▸ **Task brief**: Look through the data below for the line with "Va prezentam 4" and the line with "Льдогенератор EKSI ECB-25", then transcribe exactly from the first through the second, leaving out all pictures.

[Provided material Boundary: Start]

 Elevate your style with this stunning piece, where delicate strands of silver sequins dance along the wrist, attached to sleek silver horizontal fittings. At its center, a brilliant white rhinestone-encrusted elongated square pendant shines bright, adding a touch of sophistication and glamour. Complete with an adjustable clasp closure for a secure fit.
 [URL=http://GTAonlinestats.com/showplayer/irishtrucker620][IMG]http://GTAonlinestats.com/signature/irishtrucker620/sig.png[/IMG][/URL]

[Provided material Boundary: End]
[Provided material Boundary: Start]

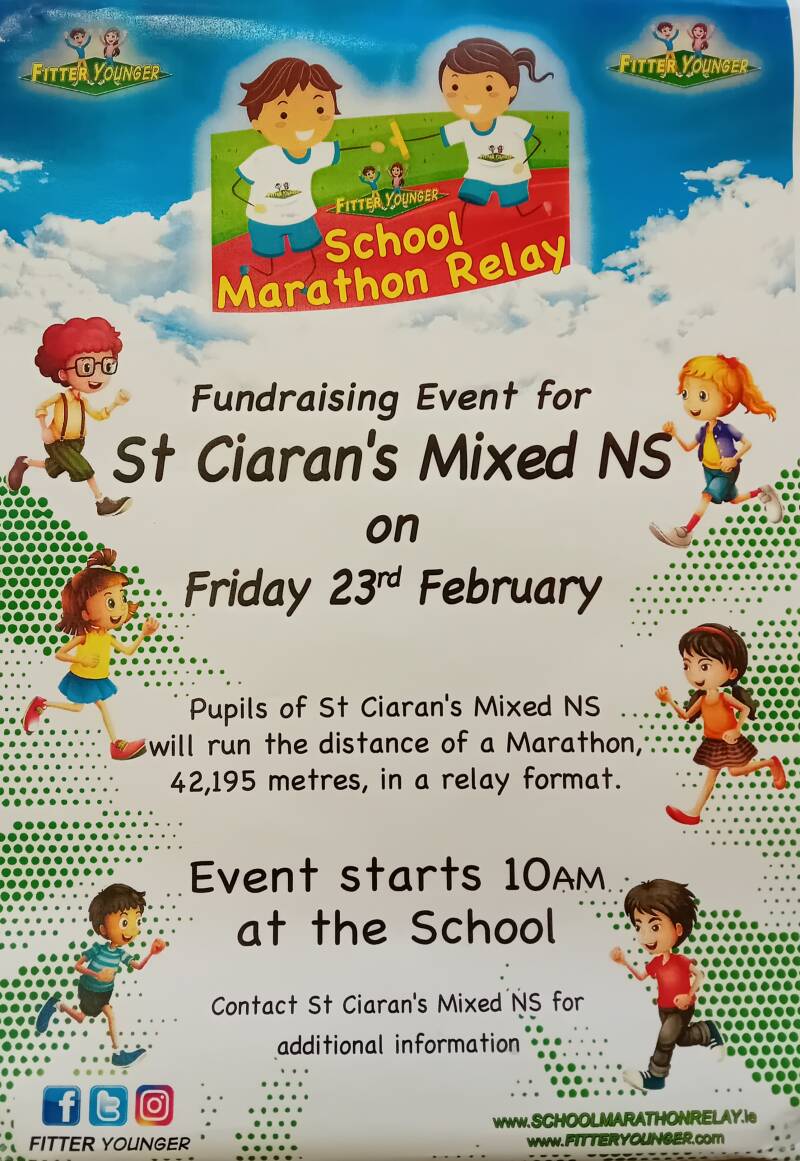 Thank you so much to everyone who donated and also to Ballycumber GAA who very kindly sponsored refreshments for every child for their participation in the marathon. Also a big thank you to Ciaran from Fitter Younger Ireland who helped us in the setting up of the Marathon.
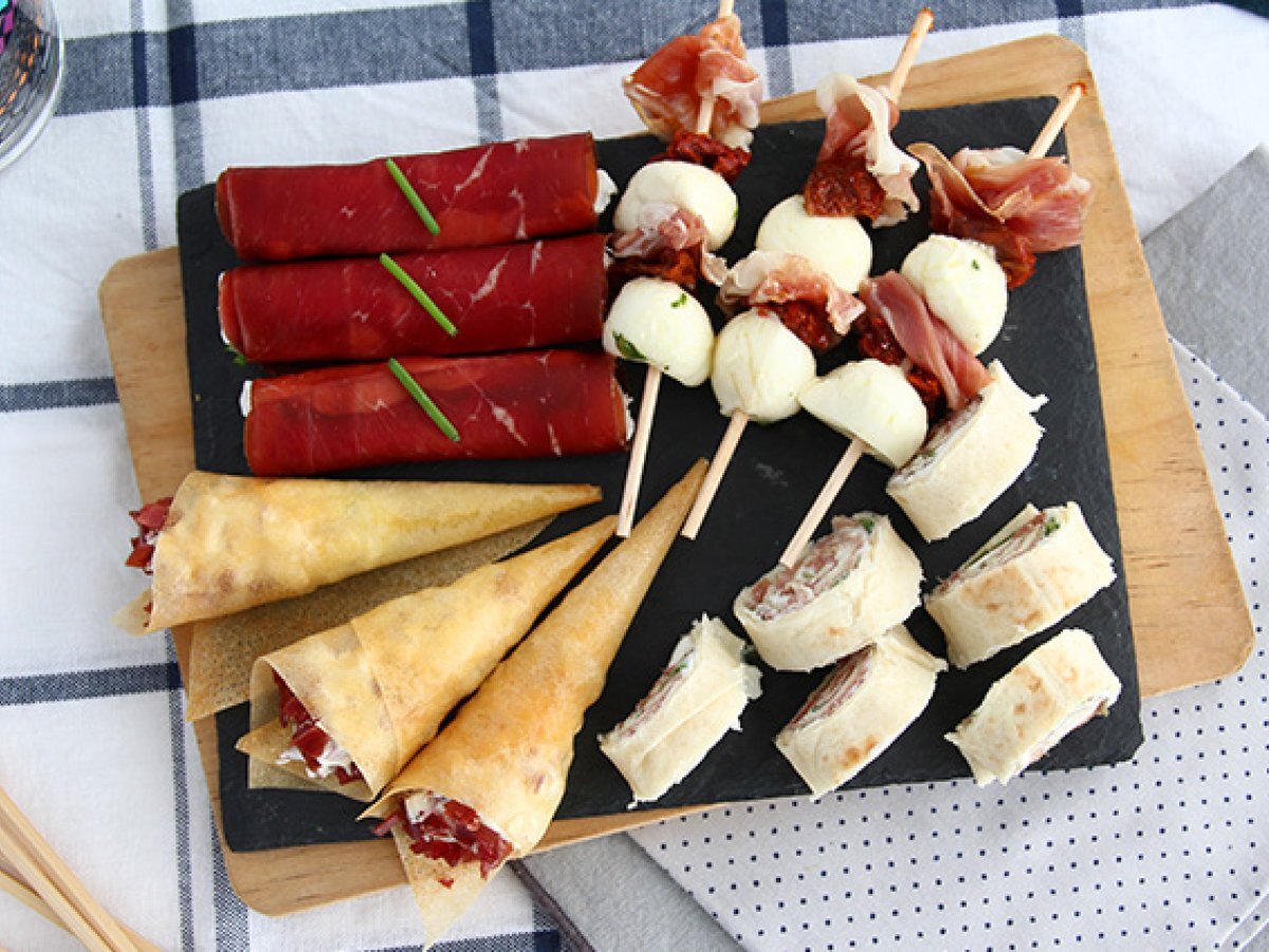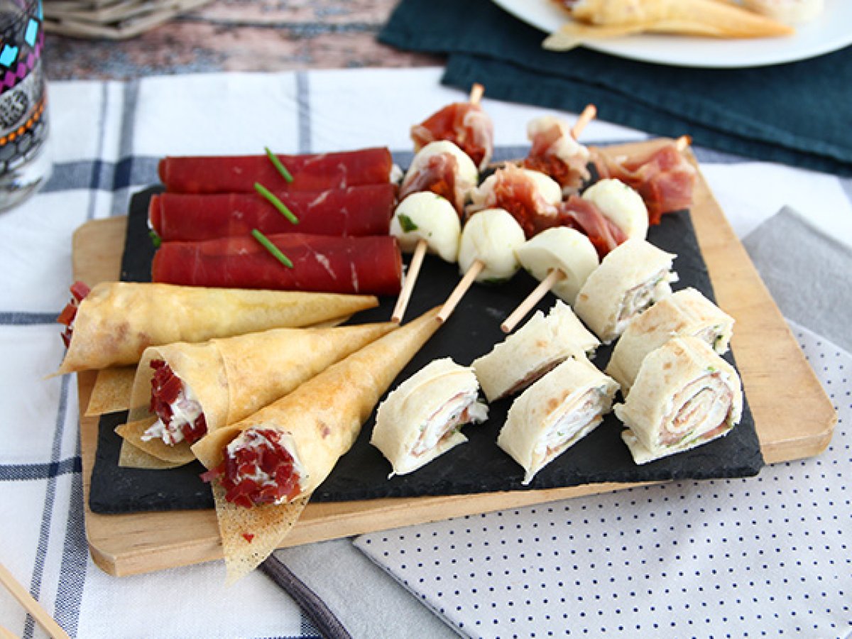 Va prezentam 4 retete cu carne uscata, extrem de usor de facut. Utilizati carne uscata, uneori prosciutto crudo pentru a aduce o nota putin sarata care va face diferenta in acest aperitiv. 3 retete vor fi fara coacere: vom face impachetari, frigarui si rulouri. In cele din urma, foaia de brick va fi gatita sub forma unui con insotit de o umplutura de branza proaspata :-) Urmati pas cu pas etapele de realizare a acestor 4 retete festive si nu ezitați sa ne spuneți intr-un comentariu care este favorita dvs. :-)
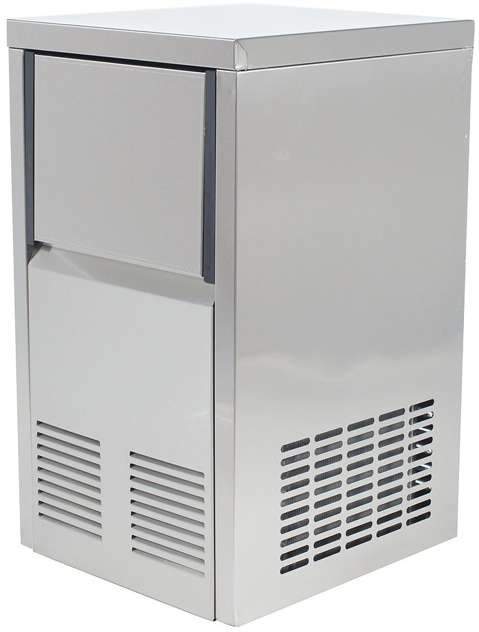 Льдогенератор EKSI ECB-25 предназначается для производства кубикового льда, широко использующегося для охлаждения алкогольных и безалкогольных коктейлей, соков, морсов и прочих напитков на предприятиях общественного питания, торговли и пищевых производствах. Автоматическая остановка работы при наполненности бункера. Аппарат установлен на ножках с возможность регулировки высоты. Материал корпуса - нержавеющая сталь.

[Provided material Boundary: End]

▸ **Written reply**:
 Va prezentam 4 retete cu carne uscata, extrem de usor de facut. Utilizati carne uscata, uneori prosciutto crudo pentru a aduce o nota putin sarata care va face diferenta in acest aperitiv. 3 retete vor fi fara coacere: vom face impachetari, frigarui si rulouri. In cele din urma, foaia de brick va fi gatita sub forma unui con insotit de o umplutura de branza proaspata :-) Urmati pas cu pas etapele de realizare a acestor 4 retete festive si nu ezitați sa ne spuneți intr-un comentariu care este favorita dvs. :-)
 Льдогенератор EKSI ECB-25 предназначается для производства кубикового льда, широко использующегося для охлаждения алкогольных и безалкогольных коктейлей, соков, морсов и прочих напитков на предприятиях общественного питания, торговли и пищевых производствах. Автоматическая остановка работы при наполненности бункера. Аппарат установлен на ножках с возможность регулировки высоты. Материал корпуса - нержавеющая сталь.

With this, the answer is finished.